Every line from the one with "그러나 불과 한 달 전" up to and including the one with "外拝殿の大絵馬が、新たな干支へと替わるに伴い、清祓いを執り行います。" is to be output exactly as it appears below; pictures are not.
(Data extracts begins)
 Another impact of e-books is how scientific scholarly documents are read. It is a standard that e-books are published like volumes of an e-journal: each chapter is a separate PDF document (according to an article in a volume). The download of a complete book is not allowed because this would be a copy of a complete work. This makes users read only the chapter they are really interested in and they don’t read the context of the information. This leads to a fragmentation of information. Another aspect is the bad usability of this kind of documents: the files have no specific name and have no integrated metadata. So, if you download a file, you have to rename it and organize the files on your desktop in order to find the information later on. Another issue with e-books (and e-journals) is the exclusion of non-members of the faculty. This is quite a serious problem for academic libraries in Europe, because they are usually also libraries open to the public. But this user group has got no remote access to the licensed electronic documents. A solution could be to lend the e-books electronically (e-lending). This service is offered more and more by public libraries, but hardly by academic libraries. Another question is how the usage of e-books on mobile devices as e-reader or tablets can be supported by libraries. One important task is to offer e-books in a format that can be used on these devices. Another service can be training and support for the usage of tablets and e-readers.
(Data extracts ends)
(Data extracts begins)
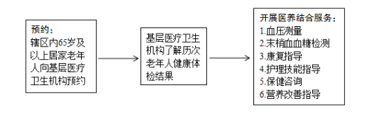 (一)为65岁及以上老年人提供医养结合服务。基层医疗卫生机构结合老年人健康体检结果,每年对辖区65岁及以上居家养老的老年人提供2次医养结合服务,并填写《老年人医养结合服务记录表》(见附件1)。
(Data extracts ends)
(Data extracts begins)
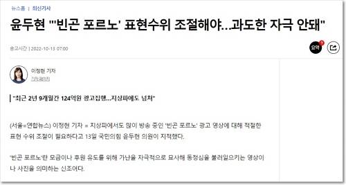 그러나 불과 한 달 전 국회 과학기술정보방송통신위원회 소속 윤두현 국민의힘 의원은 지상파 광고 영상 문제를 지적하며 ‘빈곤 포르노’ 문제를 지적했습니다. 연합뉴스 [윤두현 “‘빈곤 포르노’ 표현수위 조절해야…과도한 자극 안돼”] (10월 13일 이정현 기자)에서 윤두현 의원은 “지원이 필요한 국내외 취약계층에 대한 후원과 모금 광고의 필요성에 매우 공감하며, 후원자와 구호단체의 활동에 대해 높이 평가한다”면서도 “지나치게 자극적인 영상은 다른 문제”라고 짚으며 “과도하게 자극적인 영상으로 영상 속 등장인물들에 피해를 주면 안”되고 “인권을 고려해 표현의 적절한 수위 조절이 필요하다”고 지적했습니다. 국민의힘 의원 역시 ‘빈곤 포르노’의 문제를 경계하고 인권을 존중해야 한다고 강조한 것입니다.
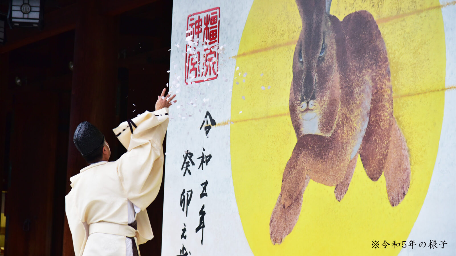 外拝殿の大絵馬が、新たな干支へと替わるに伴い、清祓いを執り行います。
(Data extracts ends)
§ Reply:
 그러나 불과 한 달 전 국회 과학기술정보방송통신위원회 소속 윤두현 국민의힘 의원은 지상파 광고 영상 문제를 지적하며 ‘빈곤 포르노’ 문제를 지적했습니다. 연합뉴스 [윤두현 “‘빈곤 포르노’ 표현수위 조절해야…과도한 자극 안돼”] (10월 13일 이정현 기자)에서 윤두현 의원은 “지원이 필요한 국내외 취약계층에 대한 후원과 모금 광고의 필요성에 매우 공감하며, 후원자와 구호단체의 활동에 대해 높이 평가한다”면서도 “지나치게 자극적인 영상은 다른 문제”라고 짚으며 “과도하게 자극적인 영상으로 영상 속 등장인물들에 피해를 주면 안”되고 “인권을 고려해 표현의 적절한 수위 조절이 필요하다”고 지적했습니다. 국민의힘 의원 역시 ‘빈곤 포르노’의 문제를 경계하고 인권을 존중해야 한다고 강조한 것입니다.
 外拝殿の大絵馬が、新たな干支へと替わるに伴い、清祓いを執り行います。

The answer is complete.